*Sensory Motor Performance Program, Rehabilitation Institute of Chicago, Illinois, U.S.A.; †Department of Bioengineering, University of Illinois, Chicago, Illinois, U.S.A.; ‡Department of Neurology, Medical College of Wisconsin, Milwaukee, Wisconsin, U.S.A.; §Department of Physical Medicine and Rehabilitation, Northwestern University, Chicago, Illinois, U.S.A.; and ‖Institute of Biomedical Engineering, University of Science and Technology of China, Hefei, China.
J Clin Neurophysiol. 2014 Feb;31(1):35-40. doi: 10.1097/01.wnp.0000436896.02502.31.

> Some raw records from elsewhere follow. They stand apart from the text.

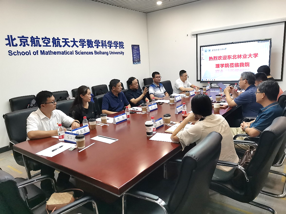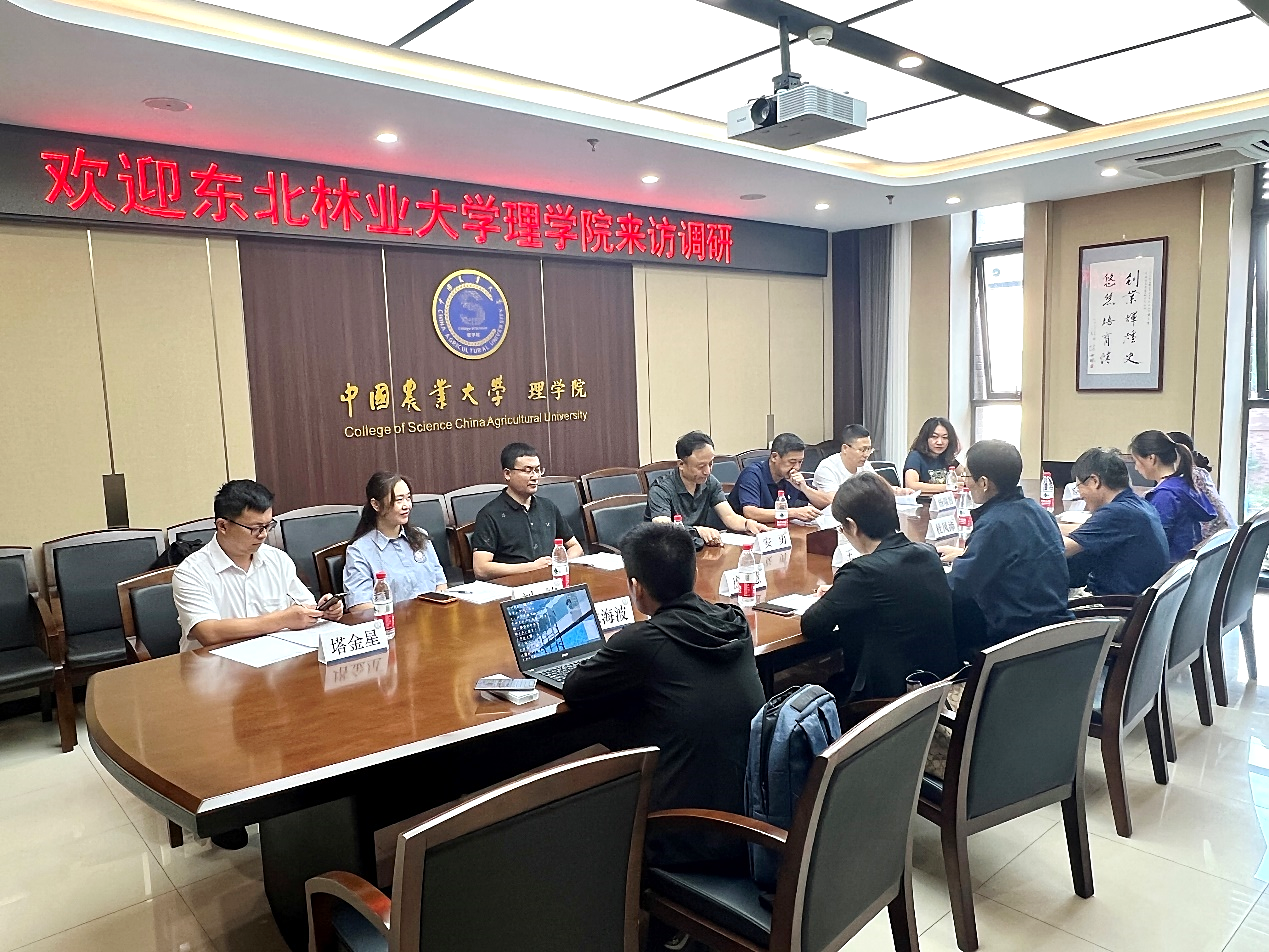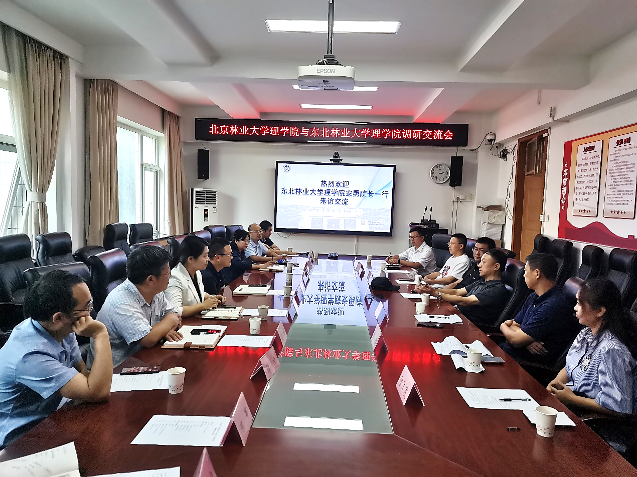 在北京林业大学理学院,院长汪沛对东林理学院一行到来表示欢迎。院党委书记龙晓凡从部局市共建、一校两区讲起,介绍了学院服务全校人才理学素养培养的定位、国家林木种质资源库项目、一流课程建设等工作。双方就高层次人才引进、学科发展及方向、新教师个人发展、教学创新大赛备赛、学生表达力培养、深造率等工作进行了交流。安勇表示,东林理学人将做好战略规划,抓住新发展机遇,争取尽快建成数学一级博士点、物理学一级硕士点,为东北全面振兴贡献东林理学人的力量。
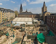 One of the most spectacular cultural projects in Cologne is presently taking shape - the Archaeological Zone and the Jewish Museum on and beneath the town-hall square. The City of Cologne and the regional government are creating a new exhibition area measuring roughly 7000 m2 within the framework of the "Regionale 2010" show. Visitors will have the opportunity of seeing monuments from the last two millennia at their original site. These include the impressive ruins of the Roman governor's palace and the fragile remains of one of the most important Jewish quarters in Europe.
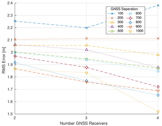 position error with increasing GNSS spacing in all three experimental configurations, and are representative of the performance we observed throughout our study.
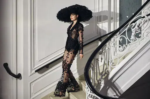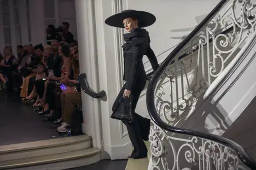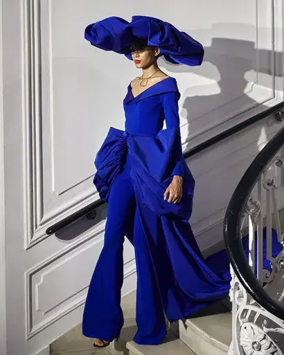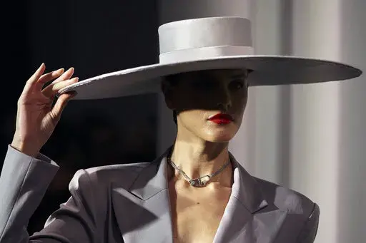 Ultra-wide brim hats stole the show in black, royal blue and bright red. There was plenty of sparkle, and an asymmetrical set of huge tiered ruffle bell sleeves on one high-neck evening dress in white. One sleeve started at the shoulder and the other at the elbow.
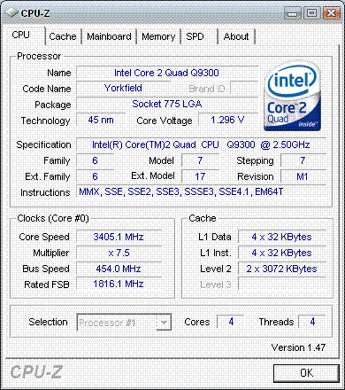 Результат разгона Intel Core 2 Quad (Yorkfield)
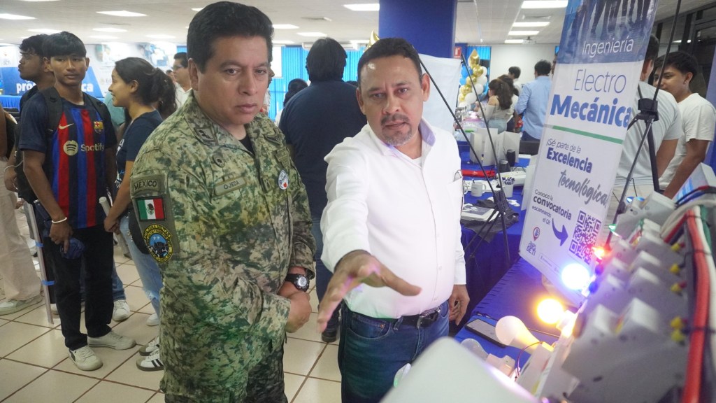 Como parte de su visita, el comandante Andrés Ojeda Ramírez realizó un recorrido por los stands de la Expoprofesiográfica 2025, donde tuvo la oportunidad de conversar con estudiantes y conocer los proyectos desarrollados en los 10 programas de estudio que ofrece la institución.
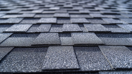 Rainwater droplets form on black asphalt shingles, creating a sleek and modern geometric pattern. The wet weather adds texture and depth to the roof, highlighting safety and protection
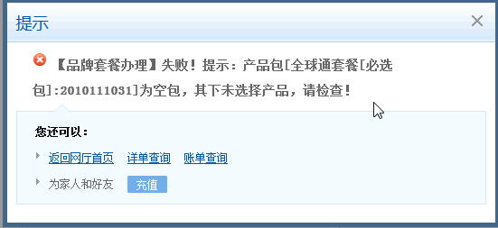 | 提示 【品牌套餐办理】失败!提示:产品包[全球通套餐[必选包]:2010111031]为空包,其下为选择产品,请检查! |
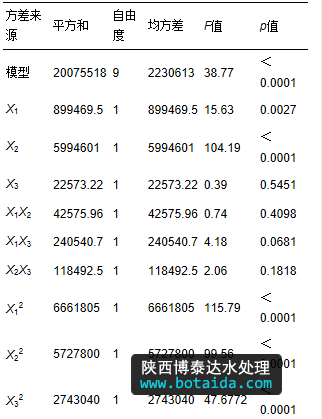 同樣地,經(jīng)二次多元回歸擬合和方差分析后,得到各單因素、交互項(xiàng)及平方項(xiàng)對(duì)SCOD濃度的影響情況,相應(yīng)的回歸方程(4)為:
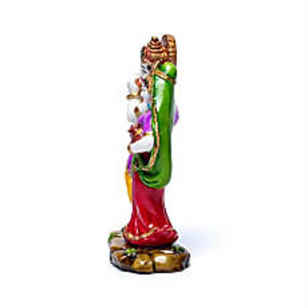 Statuette en résine colorée de Krishna et Radha. Krishna est représenté en train de jouer de la flûte, Radha se tenant à ses côtés.

Examination of spontaneous muscle activity is an important part of the routine electromyogram (EMG) in assessing neuromuscular diseases. The EMG is specifically valuable as a diagnostic test in supporting the diagnosis of amyotrophic lateral sclerosis. High-density surface EMG is a relatively new technique that has until now been used in research but has the potential for clinical application. This study presents a simple high-density surface EMG method for automatic detection of spontaneous action potentials from surface electrode array recordings of patients with amyotrophic lateral sclerosis. To reduce computational complexity while maintaining useful information from the electrode array recording, the multichannel high-density surface EMG was transferred to single-dimensional data by calculating the maximum difference across all channels of the electrode array. A spike detection threshold was then set in the single-dimensional domain to identify the firing times of each spontaneous action potential spike, whereas a spike extraction threshold was used to define the onset and offset of the spontaneous spikes. These data were used to extract the spontaneous spike waveforms from the electrode array EMG. A database of detected spontaneous spikes was thus obtained, including their waveforms, on all channels along with their corresponding firing times. This newly developed method makes use of the information from different channels of the electrode array EMG recording. It also has the primary feature of being simple and fast in implementation, with convenient parameter adjustment and user-computer interaction. Hence, it has good possibilities for clinical application.
自发性肌肉活动检查是评估神经肌肉疾病的常规肌电图(EMG)的重要组成部分。EMG 作为一种诊断测试特别有价值,可支持肌萎缩侧索硬化症的诊断。高密度表面 EMG 是一种相对较新的技术,迄今为止一直用于研究,但具有临床应用的潜力。本研究提出了一种简单的高密度表面 EMG 方法,用于自动检测肌萎缩侧索硬化症患者表面电极阵列记录中的自发性动作电位。为了降低计算复杂性,同时保持电极阵列记录中的有用信息,通过计算电极阵列所有通道之间的最大差异,将多通道高密度表面 EMG 转换为一维数据。然后在一维域中设置尖峰检测阈值,以识别每个自发性动作电位尖峰的触发时间,而尖峰提取阈值用于定义自发性尖峰的起始和结束。这些数据用于从电极阵列 EMG 中提取自发性尖峰波形。因此,获得了一个包括所有通道及其相应触发时间的检测到的自发性尖峰的数据库。这种新开发的方法利用了电极阵列 EMG 记录中不同通道的信息。它还具有实施简单、快速的主要特点,具有方便的参数调整和人机交互。因此,它具有很好的临床应用可能性。